I'm new to the forum, but not to this website. I've been searching for weeks on how to process a large data file quickly using C++ 11. I'm trying to have a function with a member that will capture the trace file name, open and process the data. The trace file contains 2 million lines of data, and each line is structured with a read/write operation and a hex address:
r abcdef123456
However, with a file having that much data, I need to read in and parse those 2 values quickly. My first attempt to read the file was the following:
void getTraceData(string filename)
{
ifstream inputfile;
string file_str;
vector<string> op, addr;
// Open input file
inputfile.open(filename.c_str());
cout << "Opening file for reading: " << filename << endl;
// Determine if file opened successfully
if(inputfile.fail())
{
cout << "Text file failed to open." << endl;
cout << "Please check file name and path." << endl;
exit(1);
}
// Retrieve and store address values and operations
if(inputfile.is_open())
{
cout << "Text file opened successfully." << endl;
while(inputfile >> file_str)
{
if((file_str == "r") || (file_str == "w"))
{
op.push_back(file_str);
}
else
{
addr.push_back(file_str);
}
}
}
inputfile.close();
cout << "File closed." << endl;
}
It worked, it ran, and read in the file.

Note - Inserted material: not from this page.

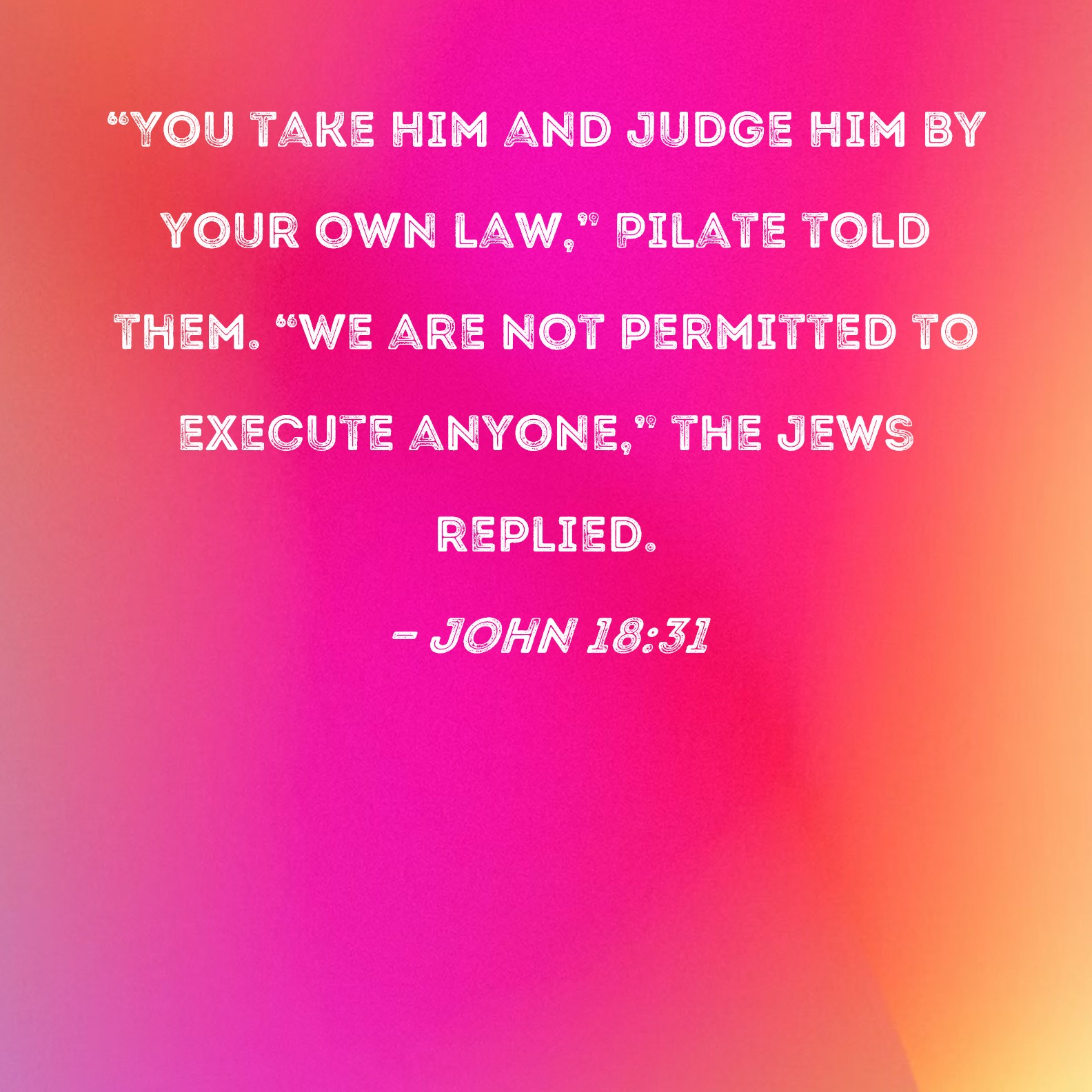 John 18:31 "You take Him and judge Him by your own law," Pilate told them. "We are not permitted to execute anyone," the Jews replied.

Unfortunately, it took the program 8 minutes to run and read the file. I modified the first program to the second program, to try and read the file in faster. It did, reading the file into a buffer in a fraction of a second versus 8 mins. using ifstream:
void getTraceData()
{
// Setup variables
char* fbuffer;
ifstream ifs("text.txt");
long int length;
clock_t start, end;
// Start timer + get file length
start = clock();
ifs.seekg(0, ifs.end);
length = ifs.tellg();
ifs.seekg(0, ifs.beg);
// Setup buffer to read & store file data
fbuffer = new char[length];
ifs.read(fbuffer, length);
ifs.close();
end = clock();
float diff((float)end - (float)start);
float seconds = diff / CLOCKS_PER_SEC;
cout << "Run time: " << seconds << " seconds" << endl;
delete[] fbuffer;
}
But when I added the parsing portion of the code, to get each line, and parsing the buffer contents line-by-line to store the two values in two separate variables, the program silently exits at the while-loop containing getline from the buffer:
void getTraceData(string filename)
{
// Setup variables
char* fbuffer;
ifstream ifs("text.txt");
long int length;
string op, addr, line;
clock_t start, end;
// Start timer + get file length
start = clock();
ifs.seekg(0, ifs.end);
length = ifs.tellg();
ifs.seekg(0, ifs.beg);
// Setup buffer to read & store file data
fbuffer = new char[length];
ifs.read(fbuffer, length);
ifs.close();
// Setup stream buffer
const int maxline = 20;
char* lbuffer;
stringstream ss;
// Parse buffer data line-by-line
while(ss.getline(lbuffer, length))
{
while(getline(ss, line))
{
ss >> op >> addr;
}
ss.ignore( strlen(lbuffer));
}
end = clock();
float diff((float)end - (float)start);
float seconds = diff / CLOCKS_PER_SEC;
cout << "Run time: " << seconds << " seconds" << endl;
delete[] fbuffer;
delete[] lbuffer;
}
I was wondering, once my file is read into a buffer, how do I retrieve it and store it into variables? For added value, my benchmark time is under 2 mins. to read and process the data file. But right now, I'm just focused on the input file, and not the rest of my program or the machine it runs on (the code is portable to other machines). The language is C++ 11 and the OS is a Linux computer. Sorry for the long posting.